# New Propane Bottle Cover On Front Tongue



## TimU (Aug 26, 2014)

After installing my new equalizer hitch, and taking off the molded/riveted propane cover on my 2005 23RS, I think it's pretty much bit the dust. Cracked in several places, and I've found that the electric tongue jack must have been added after original purchase (I think). So you really couldn't get it off without nearly compressing parts of it. Just wouldn't really go on or off over the taller electric tongue jack.

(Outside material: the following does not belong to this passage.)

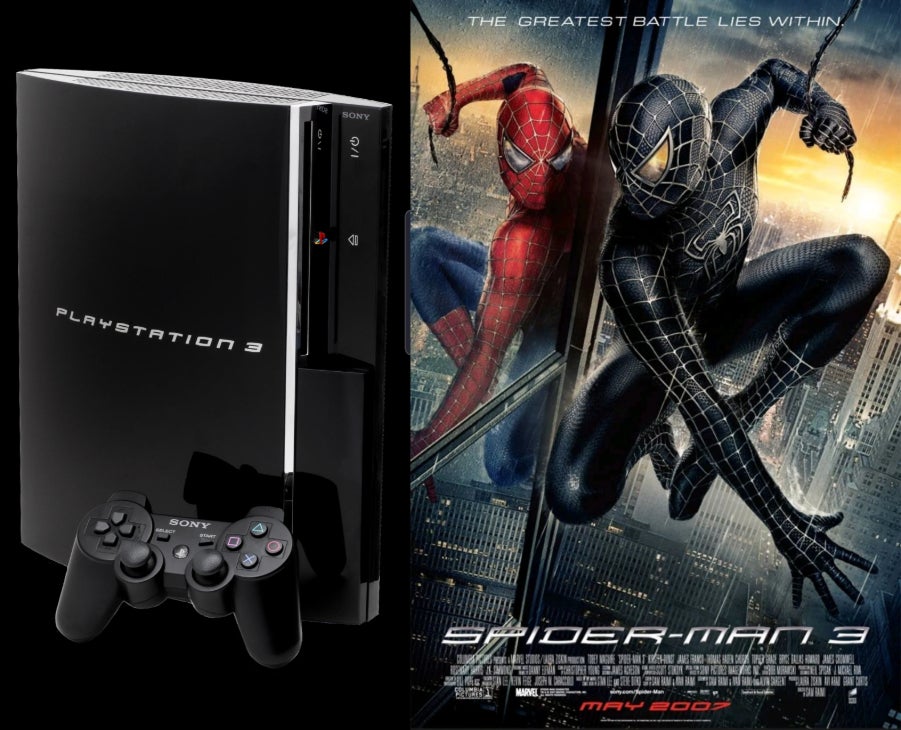 No anúncio do PlayStation 3, que demonstrava seu poder e capacidade de reproduzir Blu-rays, a Sony usou imagens do Homem-Aranha para fazer essa referência. Mas esse nem era o motivo da estranha combinação: Teiyu Goto, designer-chefe da Sony Computer Entertainment, defendeu veementemente a decisão, afirmando que era a escolha certa, pois combinava perfeitamente com a curvatura e a aparência do console. Ele não estava sozinho nessa opinião, como o próprio Goto declarou algum tempo depois.

Anyway, I'm now in search of some kind of replacement. I kind of like the hard shell style covers, but even some vinyl cover would do. Has anyone replaced theirs with something after-market that works well? I've got tandem (front/aft) 30lb bottles with piping and crossover valve in between them.

TIA


----------



## TimU (Aug 26, 2014)

ob277rl said:


> It sounds like your tanks are mounted with the standard center support and clamp that hold everything together. See if one of the standard tank covers will work for you. Good Luck
> 
> Robert


What is "standard" - something like one of these:

http://www.amazon.com/ICON-Deluxe-Propane-Cover-Polar/dp/B0058SQ74W/ref=pd_sim_sbs_auto_7?ie=UTF8&refRID=04EKQNE01549HN0F98Q9

or

http://www.amazon.com/Camco-40542-Heavy-Duty-Propane-Cover/dp/B000BUTD8Y/ref=sr_1_1?ie=UTF8&qid=1411079302&sr=8-1

Leaning towards the Icon - if it works....


----------